Will you write out the data exactly, excluding every picture?
:: Material provided ::
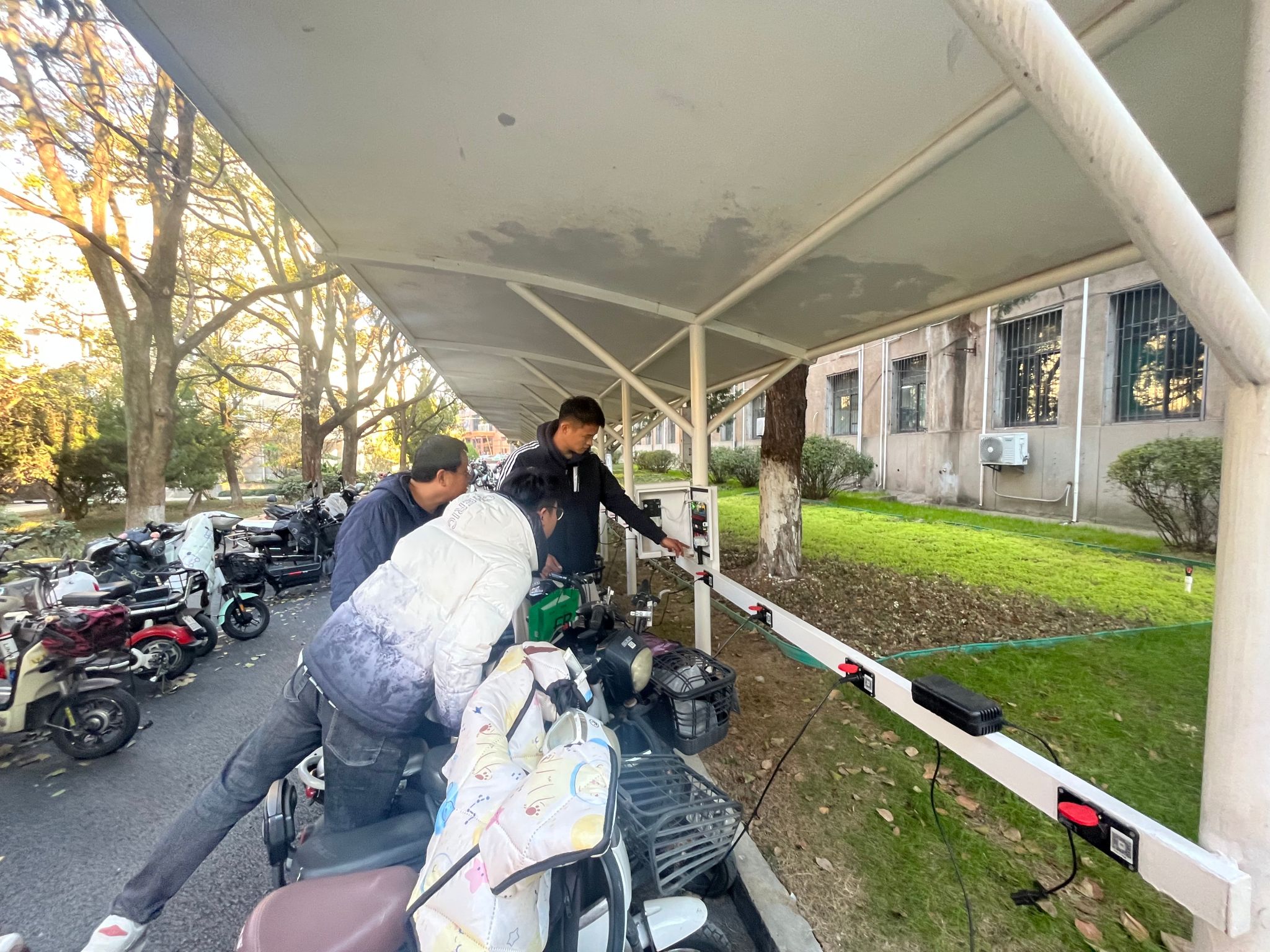 近年来,学校积极倡导学生少购车、多走路,共同维护整洁有序、绿色安全的校园环境,“低碳环保、绿色出行”理念逐渐深入人心。为满足师生电瓶车充电需求,提供安全、优质、可靠的电力服务,总务部运营管理科不断细化服务举措,规范招标程序,引进优质的充电桩服务企业进校服务。同时加强充电桩日常使用管理监督,确保充电用电安全。本次我们重点对充电桩屏幕显示准确度,内部易损元器件使用情况,充电桩桩体接地情况,电缆插头松紧度情况,灭火器柜摆放位置及灭火器有效期限等进行全面检查,及时查找问题、排除隐患。同时,我们还组织能源管理服务中心和充电桩服务公司向师生宣传安全用电知识,引导师生安全、文明使用充电桩,引导学生正确使用充电插座跟踪功能,有序错峰使用充电桩,提升充电效率,让绿色安全出行更便捷舒心。
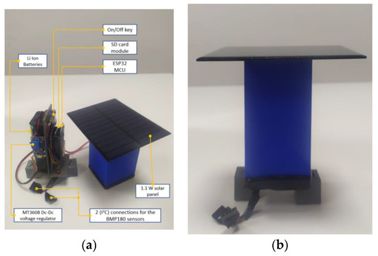 The IoT tensiometer prototype: (a) The components; (b) the sealed prototype [33].
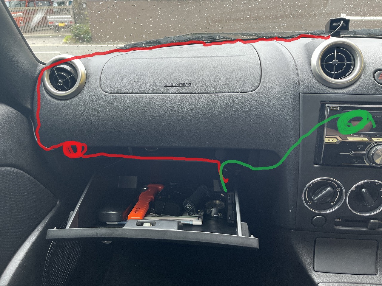アンテナ配線はダッシュボードの奥側に内張はがしとかで押し込むといい感じに隠れてくれます。
:::
• Exercise solution
 近年来,学校积极倡导学生少购车、多走路,共同维护整洁有序、绿色安全的校园环境,“低碳环保、绿色出行”理念逐渐深入人心。为满足师生电瓶车充电需求,提供安全、优质、可靠的电力服务,总务部运营管理科不断细化服务举措,规范招标程序,引进优质的充电桩服务企业进校服务。同时加强充电桩日常使用管理监督,确保充电用电安全。本次我们重点对充电桩屏幕显示准确度,内部易损元器件使用情况,充电桩桩体接地情况,电缆插头松紧度情况,灭火器柜摆放位置及灭火器有效期限等进行全面检查,及时查找问题、排除隐患。同时,我们还组织能源管理服务中心和充电桩服务公司向师生宣传安全用电知识,引导师生安全、文明使用充电桩,引导学生正确使用充电插座跟踪功能,有序错峰使用充电桩,提升充电效率,让绿色安全出行更便捷舒心。
 The IoT tensiometer prototype: (a) The components; (b) the sealed prototype [33].
アンテナ配線はダッシュボードの奥側に内張はがしとかで押し込むといい感じに隠れてくれます。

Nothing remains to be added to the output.